=== PROBLEM TO WORK ON ===
Each entry below should be printed exactly, with every image left out.

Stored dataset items
"""

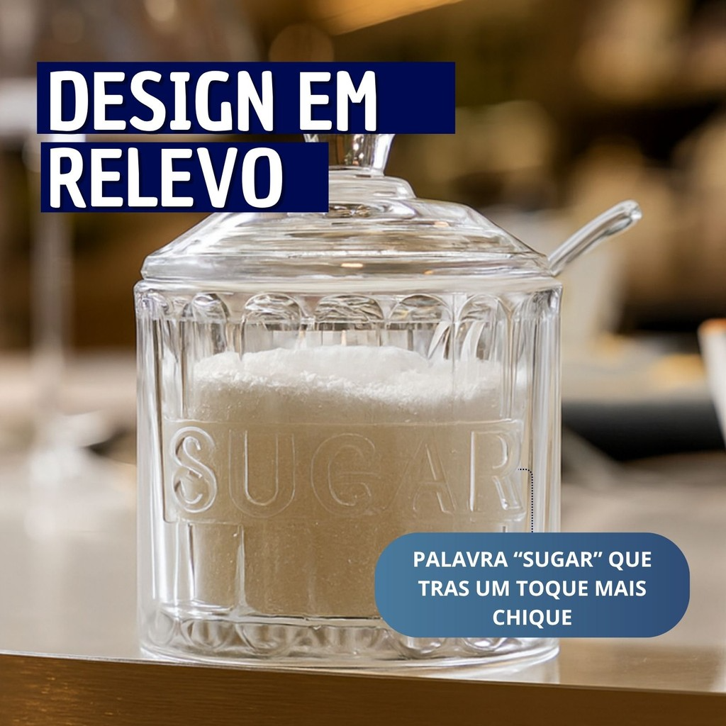 Além de armazenar açúcar, pode ser utilizado para adoçantes, geleias, mel ou granulado, tornando-se uma peça versátil e funcional.
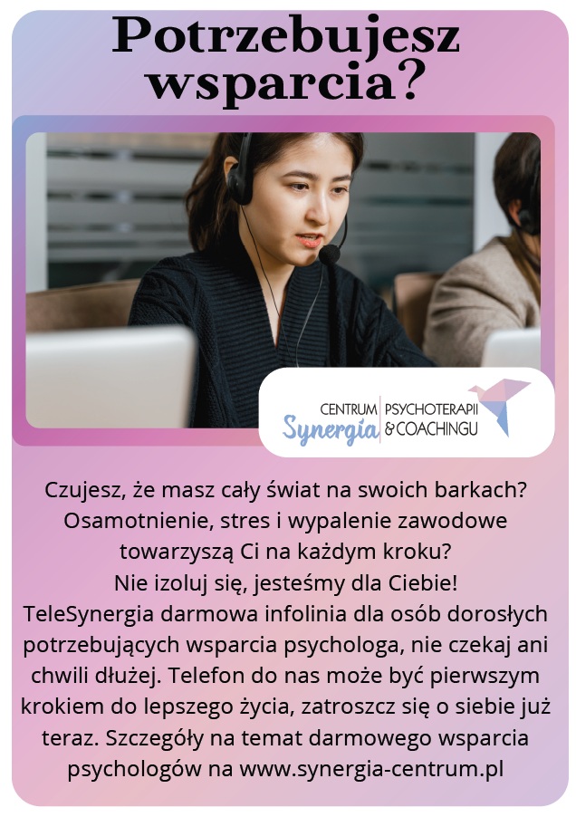 Powiatowe Centrum Pomocy Rodzinie w Nowej Soli informuje o możliwości skorzystania z bezpłatnej pomocy psychologicznej prowadzonej przez Centrum Psychoterapii i Coachingu „Synergia”.
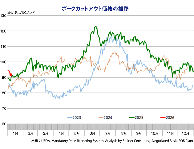 牛肉供給のひっ迫は2026年も続き、牛肉生産量は5%減と予測されている。過去最高値を更新している価格はさらに上昇する見込みだ。一方で、酪農業界での牛肉生産が増加している。高品質な牛肉生産に最適化された遺伝子を持つ酪農用子牛によって、高品質の牛肉を提供できるようになっている。
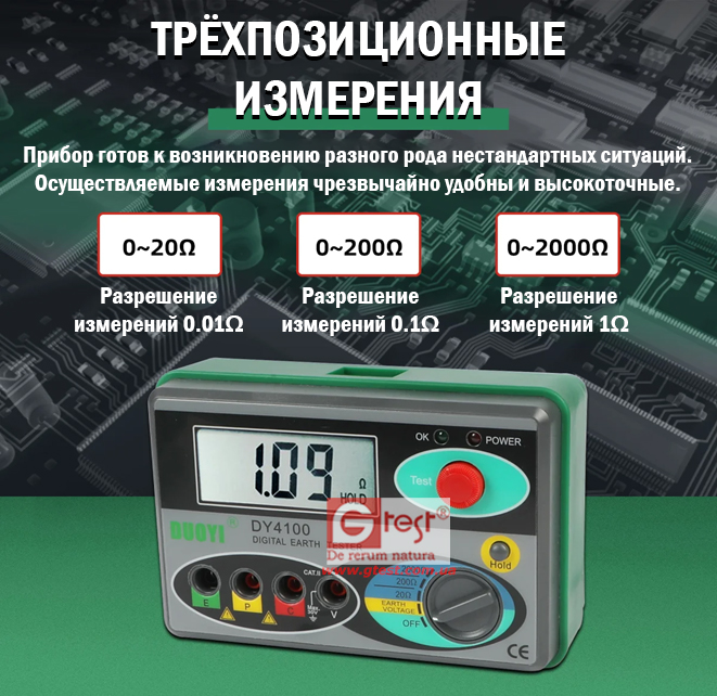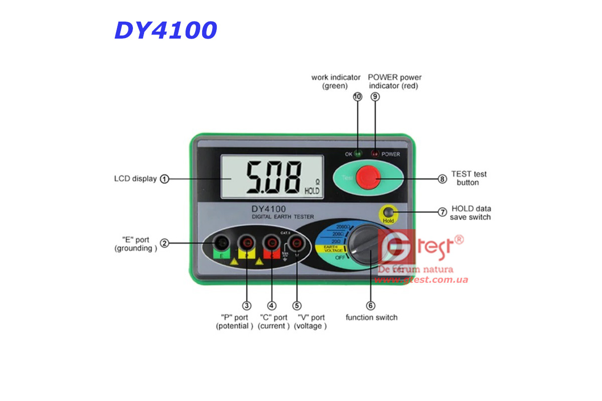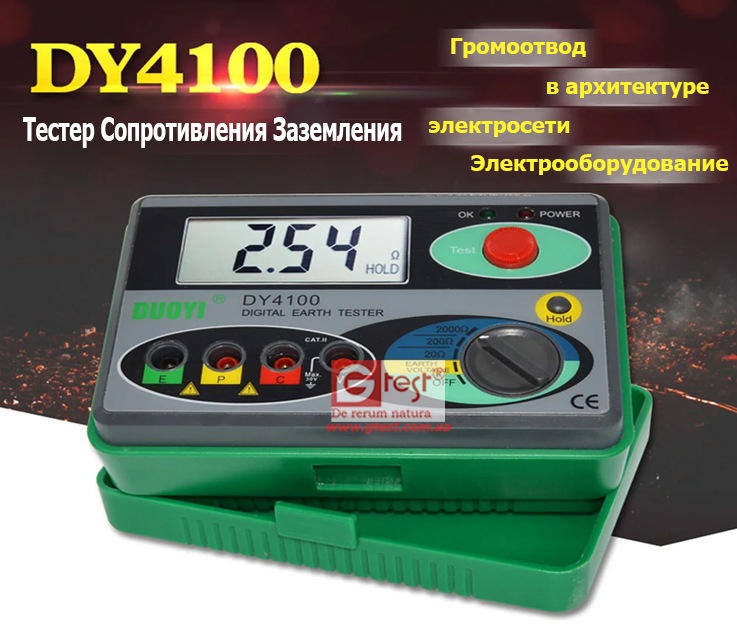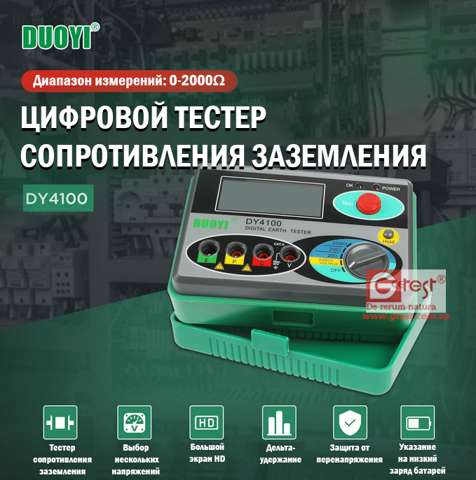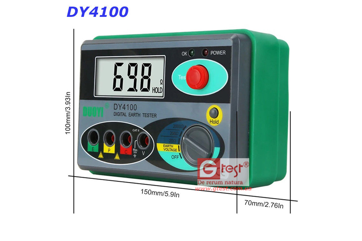 Цифровий тестер опору заземлення DY4100 є приладом нового покоління для електриків, розробленим компанією DUOYI в останні роки. Схема, структура та технологія традиційного вимірювача опору заземлення були покращені, а новий дизайн одночасно гарний та практичний. DY4100 має більш повні функції, більш високу точність, більш зручний та надійний в експлуатації та більше підходить для використання на відкритому повітрі завдяки пило- та вологонепроникній конструкції.
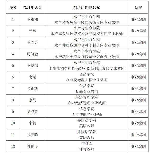 根据《beat365中文唯一官网公开招聘事业编制人员管理办法(试行)》(沪海洋人〔2018〕11号)等文件精神,按照学校招聘程序,经综合考察、学校研究审定,现将近期拟录用人员名单予以公示。
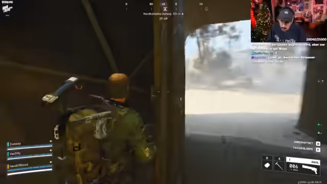 04:48:49Die Gruppe entdeckt Gegner in einem Gebäude und plant, diese strategisch zu umgehen oder anzugreifen. Es wird überlegt, rechts durchzukommen, um den Exit über ein Fenster zu sehen, oder direkt auf das Gebäude zu gehen, wie von einem Teammitglied vorgeschlagen. Die Gefahr, von oben angegriffen zu werden, wird erkannt. Währenddessen wird ein Laser gesichtet, der sich als Wachturm herausstellt, und es wird festgestellt, dass Gegner in der Nähe die 'Queen' bekämpfen. Die Strategie, sich an die kämpfenden Gruppen heranzuschleichen, deren Loot zu nehmen und direkt zu extrahieren, wird diskutiert. Ein Spieler bleibt auf einer erhöhten Position, während die anderen vorrücken, um die Gegner zu überraschen. Der Plan geht auf, und die Gruppe kann die Gegner besiegen und wertvollen Loot sichern, darunter einen Defibrillator und eine Kampfmarke 2.
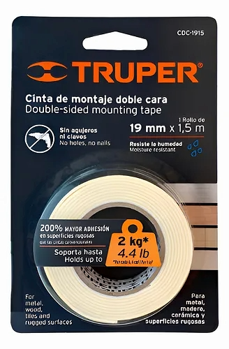 La Cinta de Montaje Truper de 19 mm x 1,5 metros es una solución práctica y resistente para fijaciones rápidas sin necesidad de tornillos, clavos o perforaciones. Está diseñada para ofrecer una adhesión fuerte y duradera, permitiendo montar y sujetar diversos objetos de forma limpia y segura.
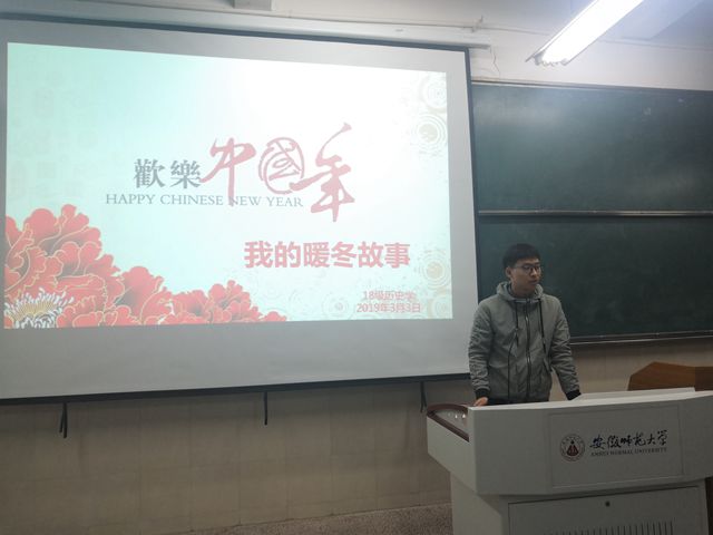 本网讯(2018级历史学 郭淑昕)为加深同学对各地年俗年味的理解,让同学在年俗中寻得历史与文化的古韵,鼓舞同学寻找、发现并关注家乡年味年俗,同时也为增进同学间的了解与友谊,3月3日晚,2018级历史学于2050102开展了“欢乐中国年——我的暖冬故事”主题班会。班会由团支书田富中主讲,历史学全员参与。
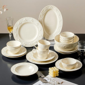 碗碟餐具套装浮雕盘子景德镇陶瓷饭碗菜盘宫廷风高级感法式酒店家
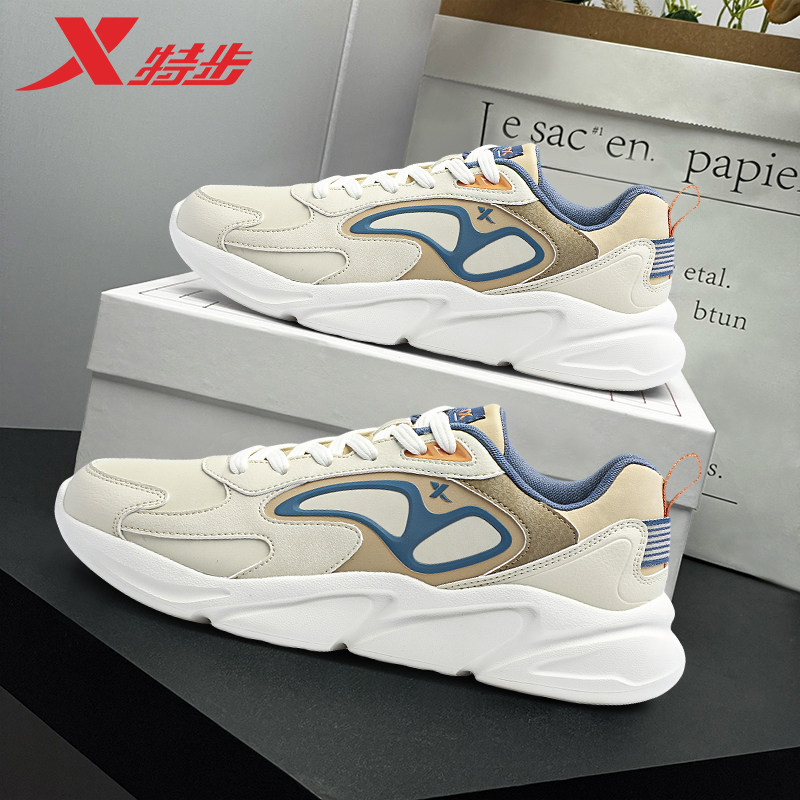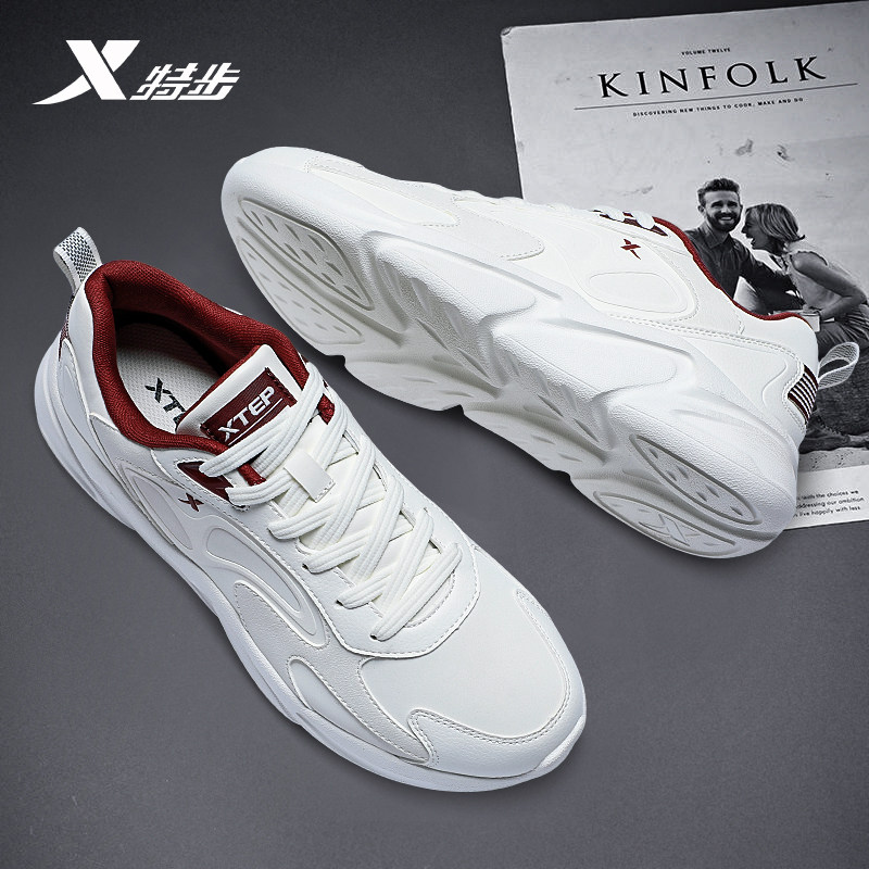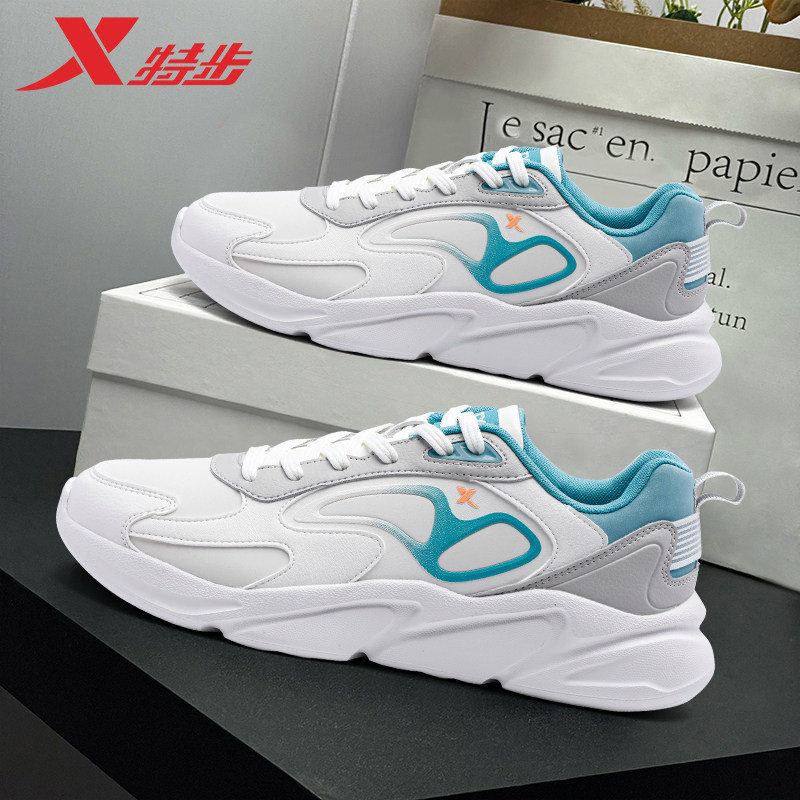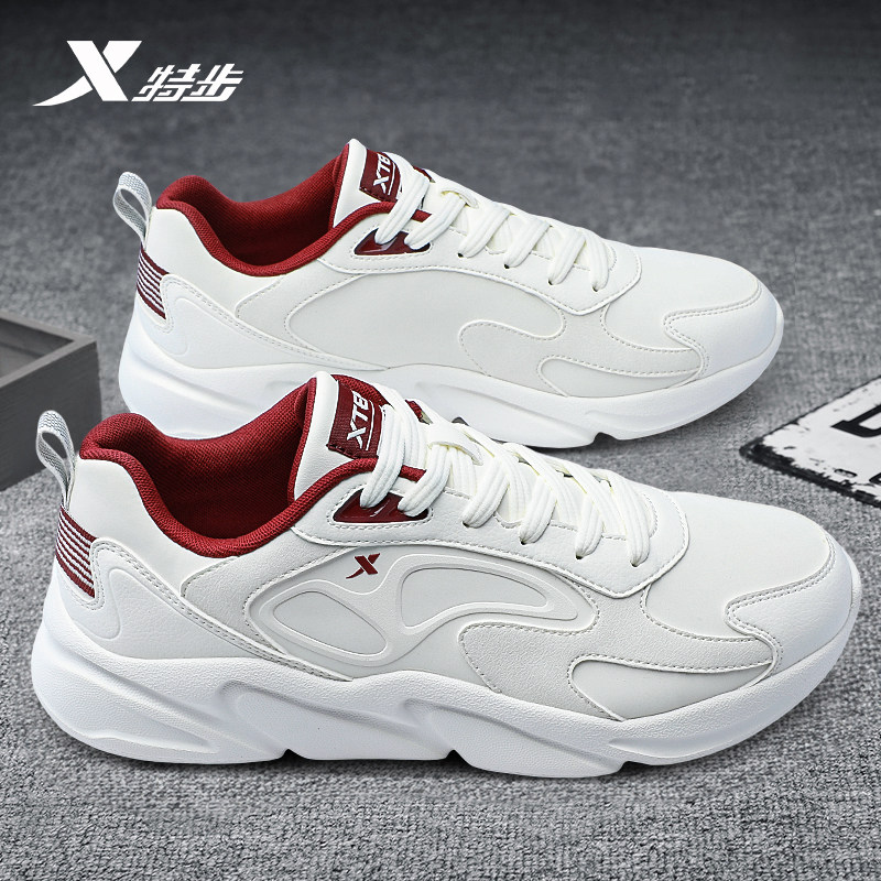特步男鞋休闲运动鞋官方正品2026春季新款皮面防水软底减震跑步鞋

"""

=== EXERCISE OUTPUT ===
 Além de armazenar açúcar, pode ser utilizado para adoçantes, geleias, mel ou granulado, tornando-se uma peça versátil e funcional.
 Powiatowe Centrum Pomocy Rodzinie w Nowej Soli informuje o możliwości skorzystania z bezpłatnej pomocy psychologicznej prowadzonej przez Centrum Psychoterapii i Coachingu „Synergia”.
 牛肉供給のひっ迫は2026年も続き、牛肉生産量は5%減と予測されている。過去最高値を更新している価格はさらに上昇する見込みだ。一方で、酪農業界での牛肉生産が増加している。高品質な牛肉生産に最適化された遺伝子を持つ酪農用子牛によって、高品質の牛肉を提供できるようになっている。
 Цифровий тестер опору заземлення DY4100 є приладом нового покоління для електриків, розробленим компанією DUOYI в останні роки. Схема, структура та технологія традиційного вимірювача опору заземлення були покращені, а новий дизайн одночасно гарний та практичний. DY4100 має більш повні функції, більш високу точність, більш зручний та надійний в експлуатації та більше підходить для використання на відкритому повітрі завдяки пило- та вологонепроникній конструкції.
 根据《beat365中文唯一官网公开招聘事业编制人员管理办法(试行)》(沪海洋人〔2018〕11号)等文件精神,按照学校招聘程序,经综合考察、学校研究审定,现将近期拟录用人员名单予以公示。
 04:48:49Die Gruppe entdeckt Gegner in einem Gebäude und plant, diese strategisch zu umgehen oder anzugreifen. Es wird überlegt, rechts durchzukommen, um den Exit über ein Fenster zu sehen, oder direkt auf das Gebäude zu gehen, wie von einem Teammitglied vorgeschlagen. Die Gefahr, von oben angegriffen zu werden, wird erkannt. Währenddessen wird ein Laser gesichtet, der sich als Wachturm herausstellt, und es wird festgestellt, dass Gegner in der Nähe die 'Queen' bekämpfen. Die Strategie, sich an die kämpfenden Gruppen heranzuschleichen, deren Loot zu nehmen und direkt zu extrahieren, wird diskutiert. Ein Spieler bleibt auf einer erhöhten Position, während die anderen vorrücken, um die Gegner zu überraschen. Der Plan geht auf, und die Gruppe kann die Gegner besiegen und wertvollen Loot sichern, darunter einen Defibrillator und eine Kampfmarke 2.
 La Cinta de Montaje Truper de 19 mm x 1,5 metros es una solución práctica y resistente para fijaciones rápidas sin necesidad de tornillos, clavos o perforaciones. Está diseñada para ofrecer una adhesión fuerte y duradera, permitiendo montar y sujetar diversos objetos de forma limpia y segura.
 本网讯(2018级历史学 郭淑昕)为加深同学对各地年俗年味的理解,让同学在年俗中寻得历史与文化的古韵,鼓舞同学寻找、发现并关注家乡年味年俗,同时也为增进同学间的了解与友谊,3月3日晚,2018级历史学于2050102开展了“欢乐中国年——我的暖冬故事”主题班会。班会由团支书田富中主讲,历史学全员参与。
 碗碟餐具套装浮雕盘子景德镇陶瓷饭碗菜盘宫廷风高级感法式酒店家
特步男鞋休闲运动鞋官方正品2026春季新款皮面防水软底减震跑步鞋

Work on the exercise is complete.